# Griffin RTA: wicking tutorial



## Alex (24/4/16)

So here's a cool wicking tutorial from a reddit user LimpLungs95, I thought it was worth a share on here. 

by LimpLungs95 · 13 hours ago





Pull your old cotton, quench or rebuild you coils and let dry. Remove juice control ring thingy.







Insert your cotton as per usual.







Now put the ring back on and screw down all the way. Make sure you don't trap any cotton in the threads.







Clip off the excess(I use my flush cut wire clippers to get extra close.)





Paint on some juice and tuck the little strands at the bottom to clean it up.





Put your tank back on and fill her up. I actually leave the juice flow open and have never had any issues with leaking. Hope it helps!

Source: Threw a mini wicking tutorial together for the Griffin RTA. Best way I've figured out so far

Reactions: Like 3


----------



## morras (24/4/16)

Alex said:


> So here's a cool wicking tutorial from a reddit user LimpLungs95, I thought it was worth a share on here.
> 
> by LimpLungs95 · 13 hours ago
> 
> ...


This looks so much easier than the way i am doing it , wont is wee all the oil out like this ???

I was told to make sure the wick just sits in the holes ontop - not inside the channel ?

This is a difficult tank to wick for me - hit and miss almost every time.....

Reactions: Agree 1


----------



## Alex (24/4/16)

morras said:


> This looks so much easier than the way i am doing it , wont is wee all the oil out like this ???
> 
> I was told to make sure the wick just sits in the holes ontop - not inside the channel ?
> 
> This is a difficult tank to wick for me - hit and miss almost every time.....

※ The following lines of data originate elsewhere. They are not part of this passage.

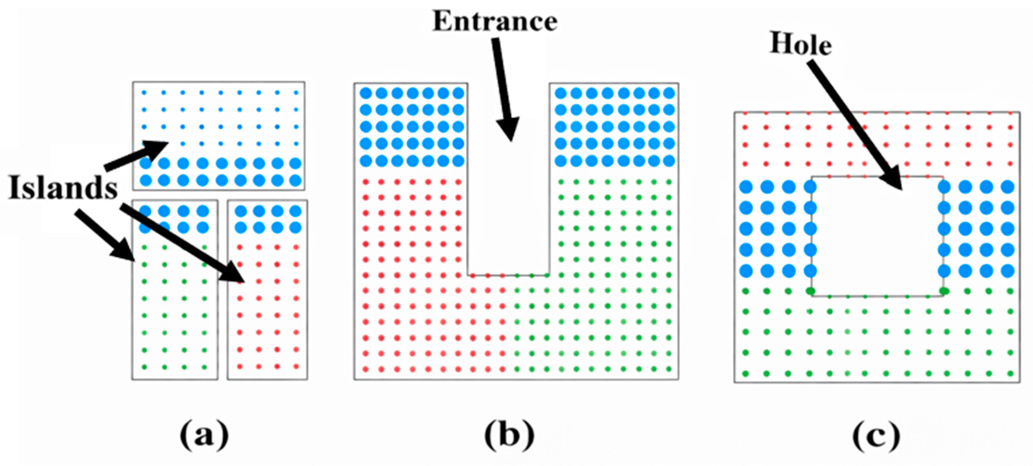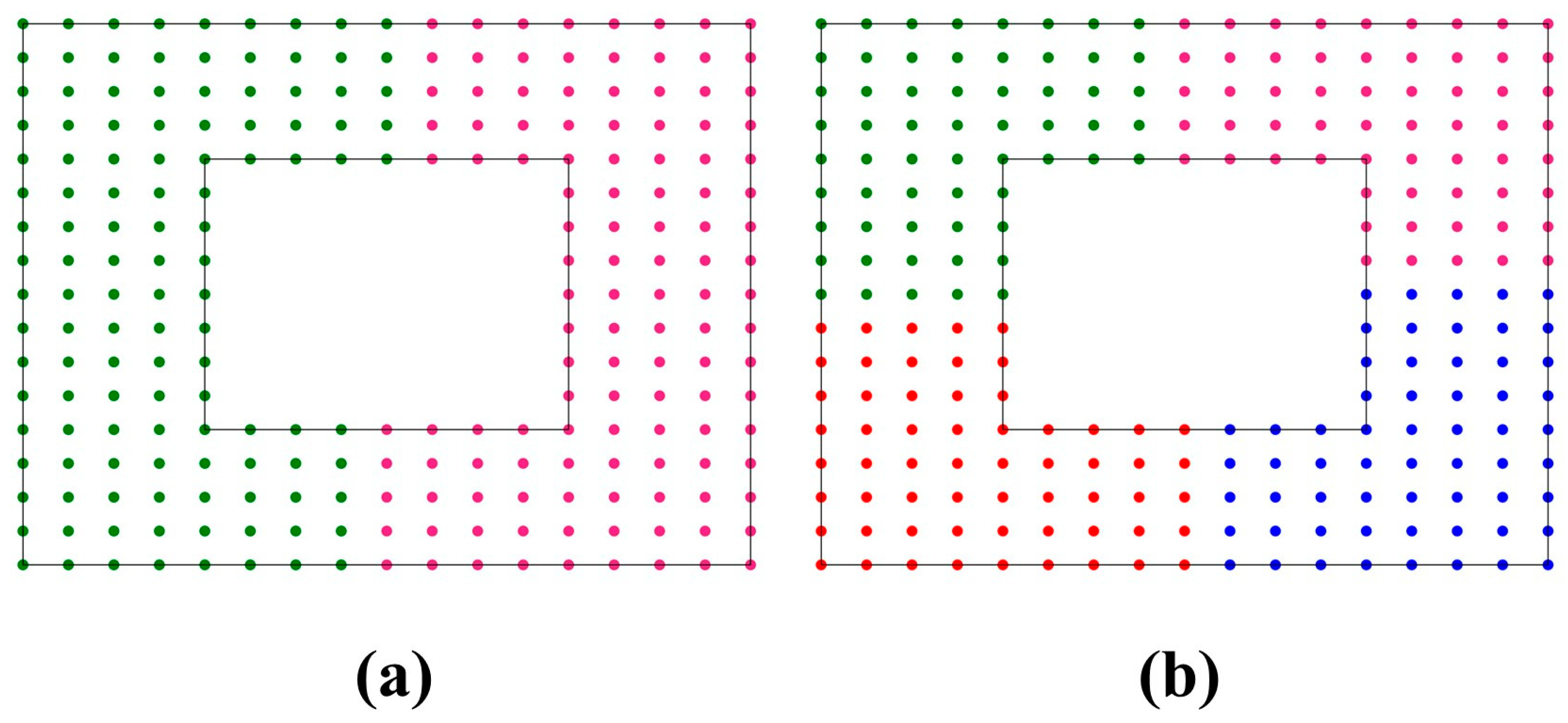 Figure 6a schematizes two clusters (represented in red and green) generated for a square-shaped layer.
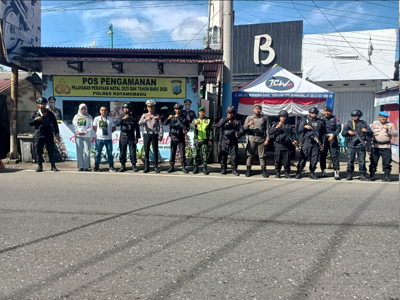KOTAMOBAGU — Dalam rangka memberikan rasa aman dan nyaman kepada masyarakat selama perayaan Natal 2025 dan Tahun Baru 2026 (NATARU), Babinsa jajaran Koramil 1303-02/Passi Serda Rio M. Josephus turut ambil bagian dalam kegiatan pengamanan terpadu di Pos Pengamanan (Pos Pam) Mongkonai Barat Kecamatan Kotamobagu Barat Kota Kotamobagu, Selasa (30/12/2025).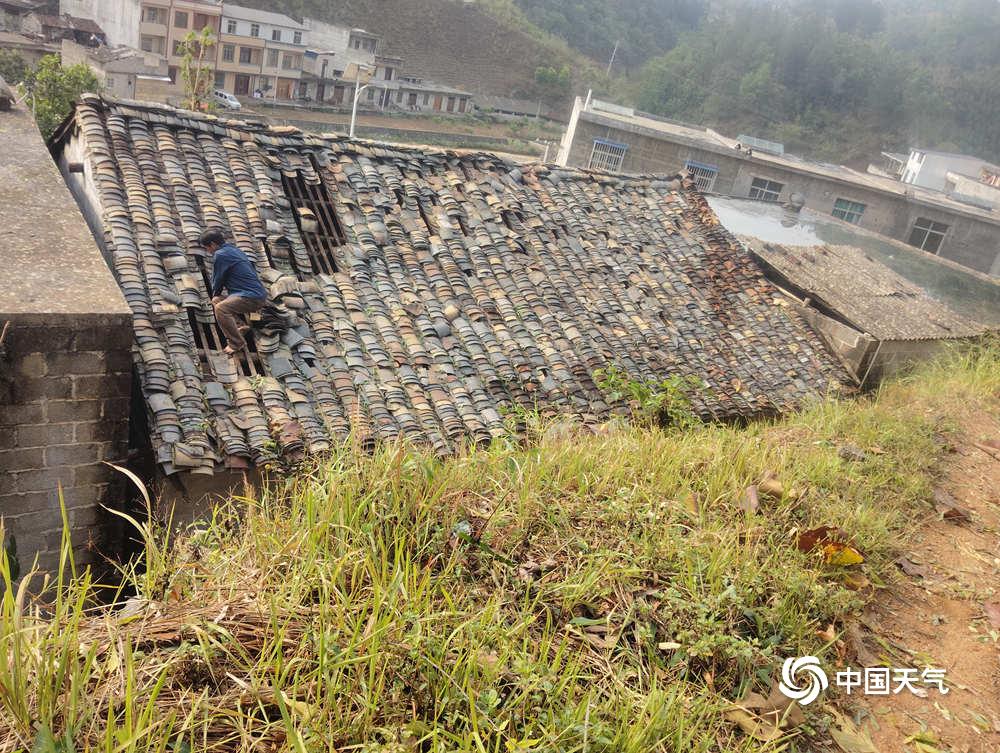 中国天气网广西站讯 4月3日夜间,百色市那坡县出现短时雷暴大风、冰雹天气。冰雹致使农户屋顶瓦片被砸烂、花椒树枝叶受损;大风掀翻部分铁皮屋顶,吹弯甚至刮断桉树。图为被冰雹砸出一个个窟窿的瓦片屋顶。(图/唐毓洲 文/谭金闪)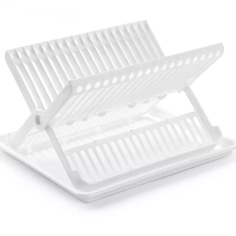 Escurreplatos en forma de tijera color blanco + bandeja, inferior en plastico, en plastico. Medidas: 37 X 33 X 21 CM, Facil de armar.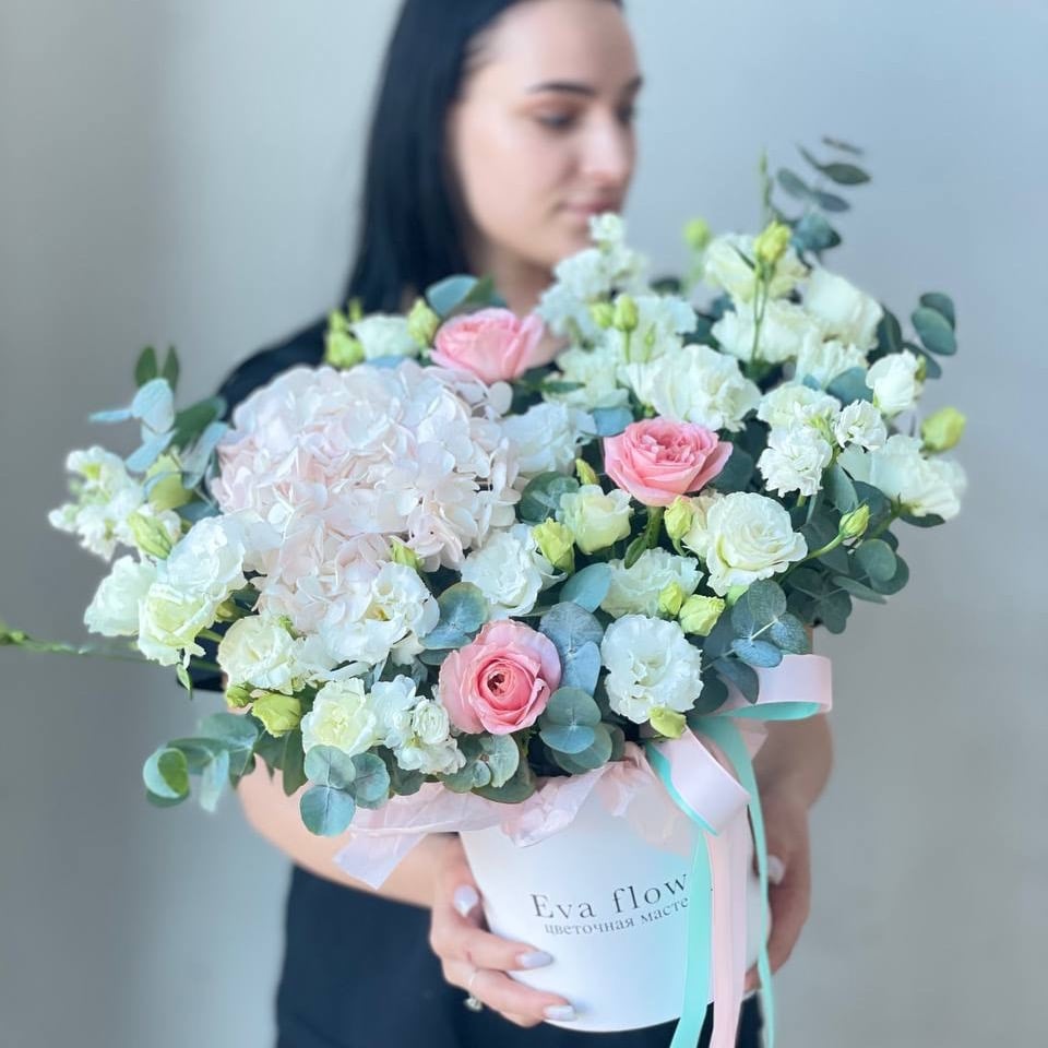 Нежный и романтичный вариант , в который входят гортензия для создания объема и яркости, маттиола абрикосовая для добавления нежности и аромата, эвкалипт для придания свежести и текстуры, роза пион...

It's supposed to go inside the channel, I'm going to give this method a go shortly.


----------



## morras (24/4/16)

Alex said:


> It's supposed to go inside the channel, I'm going to give this method a go shortly.


Please take some pics when i do and post them a a small report of how it wicks and if it leaks , i would love to do it like this if it works......u


----------



## Fydo (24/4/16)

Good stuff. Is there a video? 


Sent from my iPhone using Tapatalk


----------



## wazarmoto (25/4/16)

Wick the gemini the same way. It's a ***** to not get cotton in the threads though.


----------



## Necropolis (25/4/16)

I use the the method of just tucking the cotton into the top of those juice wells. 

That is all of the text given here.